I have to laugh at American Express.
They’re constantly on the television with commercials touting their small business credit cards, and every month I receive several direct mail pieces from them telling me how they help small businesses grow. Go to their website and they have small business forums and directories, and they say they have small business events (though, I don’t recall ever being invited to one).
You would think they cared about small businesses based on their marketing - but I guess the rest of the company hasn’t gotten the message - and that’s why I have to laugh.
On at least eight occasions in the last two years I have tried to contact American Express to offer my services to them, and to say that I was rebuffed would be kind - I was ignored.
They have these incredible barriers higher than the walls of the ancient city of Troy to prevent you from actually getting to someone to talk to, and if you find a name and address thanks to the internet, you get no - zero - response.
Buried deep on their website is - supposedly - a place to submit proposals to them online. I must have tried that ten times over a two month period and it never seemed to be working. Once you went through the process of filling out the online form and pressed the send button, a window always popped up that said comeback later. It’s pretty obvious what they meant is don’t come back - ever.
I’m not feeling the love from American Express.
I’m a small business entrepreneur and I’ve been a member with my personal card since 1978, and my corporate card since 1991. I’ve had Green, Gold, Platinum, Blue, Plum (no Black) and Delta American Express Cards, yet I can’t get any manager at any level to return my calls, respond to my emails, or answer my correspondence, when I contact them about offering my company’s services to them.
For example, I wanted to be one of those companies that get listed as offering discounts to members in the monthly statement. Got no response to that one.
I have a foreign language translation company and somewhere on their website they say they provide this service to global travelers (I think just those folks with the Black card), so I contacted them to tell them about our capabilities. Got no response to that one.
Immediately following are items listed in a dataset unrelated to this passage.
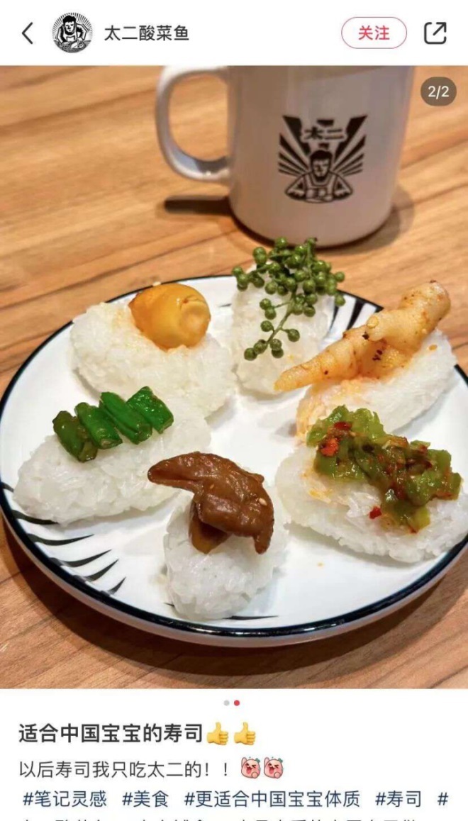 “廣東壽司”火后,一些本土品牌緊跟節(jié)奏,推出一系列“新中式壽司”。如佛山知名壽司品牌小蒲一町不甘洛后,推出了“中華創(chuàng)意壽司”系列:戀愛腦壽司(腦花+壽司)、毛肚壽司(毛肚+壽司)等;重慶一家叫奈賜壽司店推出的新中式蓋碗壽司,借助中國“蓋碗”傳統(tǒng)元素,把一系列茶葉蛋壽司、牛油果壽司等“中式壽司”盛裝到“蓋碗”中。
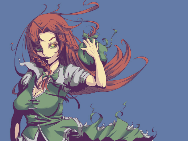 1girlbraidbreastsfemale focushair ribbonhatlong hairmulticolored eyesred hairribbonsimple backgroundskirtsolotwin braidswind
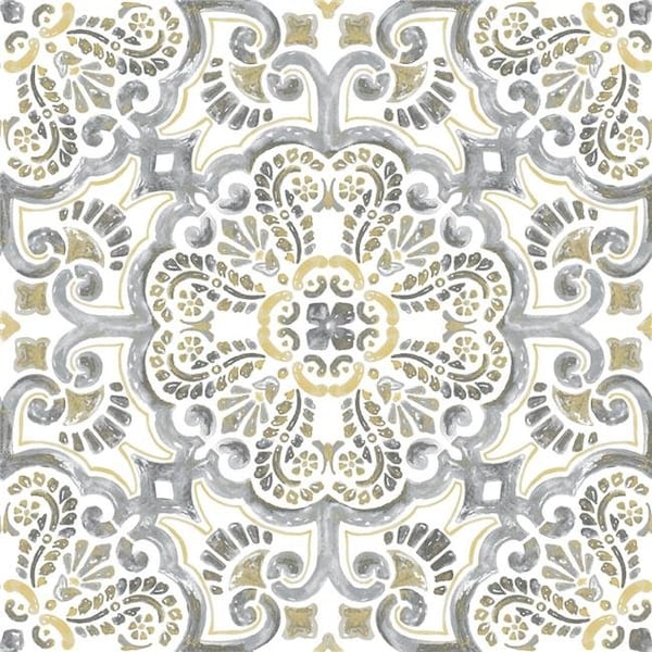 With a hand painted design, these peel and stick tiles have a Moroccan-inspired style. Its intriguing yellow and grey palette will give bathroom and kitchen floors an exciting look. Antico Peel & Stick Floor Tiles Peel and Stick Tiles contains 10 pieces on 10 sheets that measure 12 x 12 inches. Peel and stick to apply.
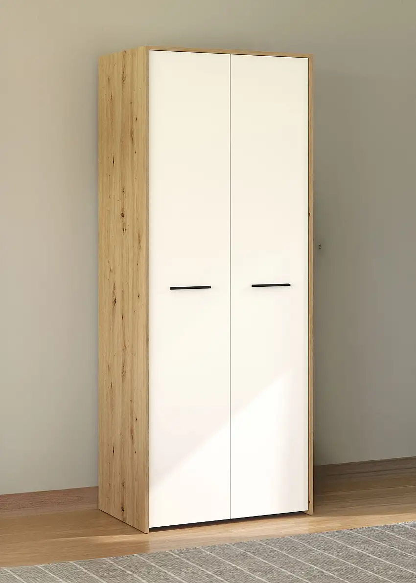 • Zweitüriger Kleiderschrank Brus 03, Farbe: Eiche Artisan / Weiß, eine Kleiderstange, ein Fach, Maße: 203,5 x 80,5 x 53 cm, für Schlafzimmer
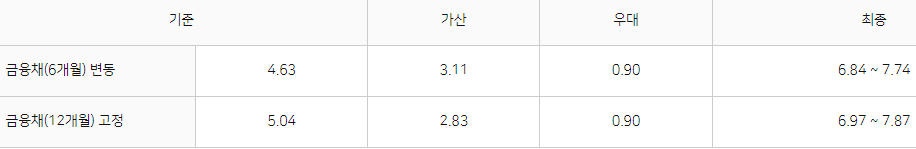 대출한도는 최대 5천만원 이내이며 대출금리는 변동금리, 고정금리에 따라 아래와 같습니다.
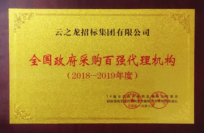 云之龍集團(tuán)榮獲行業(yè)內(nèi)大獎(jiǎng)——全國(guó)政府采購(gòu)百?gòu)?qiáng)代理機(jī)構(gòu)
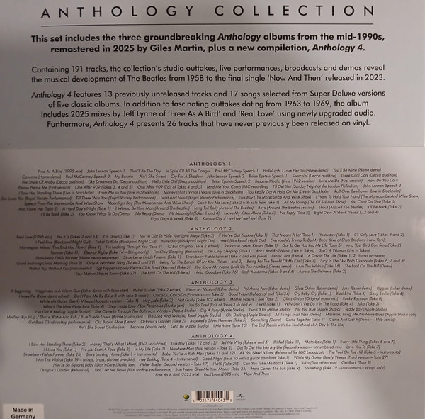 Lançado em novembro de 2025, o Anthology Collection é a edição definitiva em vinil do projeto mais ambicioso já dedicado ao catálogo dos Beatles. O box reúne, em 12 LPs (4 álbuns triplos), uma ampla seleção de demos, takes alternativos, gravações inéditas, jams de estúdio, diálogos e versões de trabalho, cobrindo toda a trajetória do grupo, do início em Liverpool até os últimos dias da banda.

I already mentioned the online proposal process (or non-process) and correspondence I sent to senior executives whose names I picked off the internet have never been answered.
To be fair to American Express, they’re not alone in ignoring the small businesses they claim to represent. All the credit card companies are much the same. However, American Express offers my type of service to their members (and the other credit card companies don’t), so you would think they’d be a little more open to speaking with small businesses.
And to be fair to the credit card companies, lots of large corporations in many categories don’t want to be fair in dealing with small businesses even though they want to sell to them.
I got a call from a publisher of business books (including those focused on small businesses) in the New York area, and they wanted to meet to discuss translating some of their materials into Spanish. If I was interested in coming to a meeting, I could fly out from California at my own expense - which I did.
Because this initiative was so important to them, there were over a dozen people at the meeting and they flew in product managers from London, Miami and Chicago. That turned into the first of three trips back to their offices (all of which I paid for out of my own pocket) and 18 months of discussions about products, deliverables, etc. In fact, their foot dragging was so slow that now, in order for me to complete the project on time, I would have to incur rush charges.
Finally, I received the agreement from their attorneys and I noticed a funny clause that was never discussed in any meeting or email. They only make payments to vendors in my category twice a year, and the soonest one could receive payment was 90-days after completion of the project. Looking at the calendar, it meant that I wouldn’t be paid for my company’s work for 18 months after we finished the project. I would incur $70,000 worth of expenses and they wouldn’t pay me for 18 months.
Obviously, I had to back out of the deal and they had some very harsh words for me. They kept telling me how much they invested based on my promises of commitment; that they had already printed the promotional material and now they would have to re-print.
So I asked them for some payment in advance, and to that they responded, “We don’t do that kind of thing.”
Anyway, I’m not certain why large corporations feel that small businesses are just there to be taken advantage of, but many do. But why I have to laugh at American Express is that they think they’re fooling us and making us small businesses think they really care about us.